Hope it helps - but let me know if I misunderstand your question!

Thanks for the reply and example! Following your example, my question should be:

Assume that the 3000 edits are named as <e1, e2, ..., e3000> and are splitted into 30 groups sequentially (i.e. group_1 = <e1, e2, ..., e30>, group_2 = <e31, e32, ..., e60>, etc.).

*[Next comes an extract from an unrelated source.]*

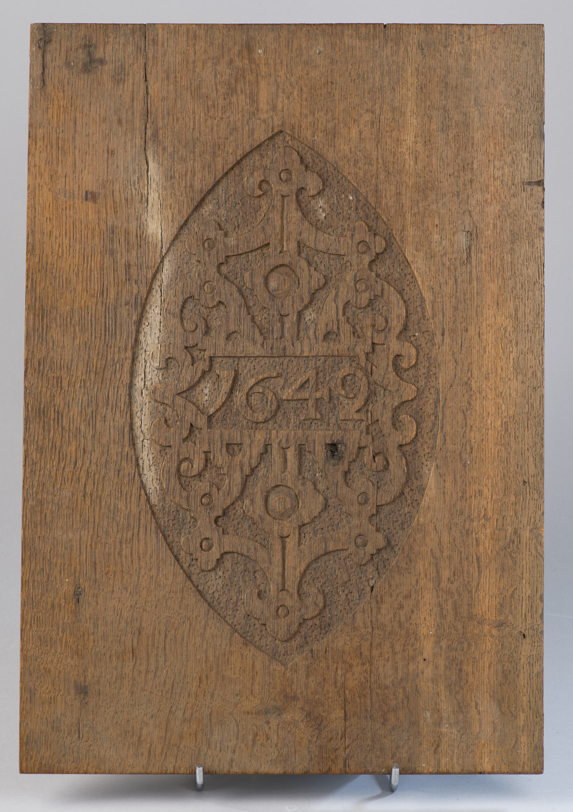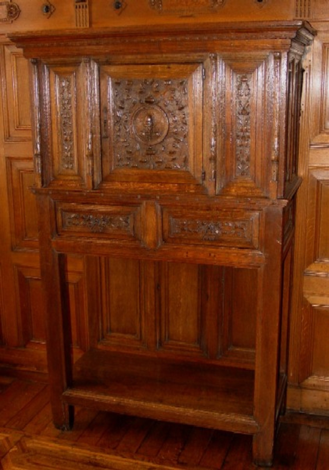 diverse houtsoorten belijmd met padoek- en cederhout, versierd met beschilderde wit marmeren plaquettes (1)

We are now dealing with an instance in MQUAKE involving two edits e1 and e31, included in two different edit groups.

In this case, since we only choose one group of k edits as fact memory, MELLO's retriever should be unable to fully retrieve all the edits (either e1 or e31 would be excluded from the "fact memory", or maybe both would be excluded).

As stated in Section 5.2,

... in order to answer multi-hop questions correctly after editing, the retriever we use in MeLLo needs to retrieve all the associated edited facts from the memory.

I'd like to know how did you handle such cases (when the fact memory fails to contain all required edits). Did you adopt any edit-sampling scheme to guarantee that all the required facts are included in the fact memory consisting of k edits?

Thanks again for your help & wish to get your reply!

AOZMH commented 8 months ago

Hi @AOZMH I may not fully understand your question. To be concrete, for k<3000 cases, say k = 100, we randomly split 3000 instances into 30 groups, each of which contains 100 instances. That means, we have 30 disjoint evaluation groups. We build the retrieval memory using all edits associated with the k instances in a group.

Hope it helps - but let me know if I misunderstand your question!

[Update] After a further research into the paper, I finally realized that the aforementioned problem is caused by my misunderstanding of the concept "instance" you mentioned. Specifically, while I consider a "instance" as an editing-statement, it is actually an entry in the MQUAKE dataset. To this end, in the case when k<3000, all edits corresbonding to the k dataset entries (each entry contains 1 to 4 edits) are viewed as fact memory.

Sorry for the misunderstanding & thanks again for the help!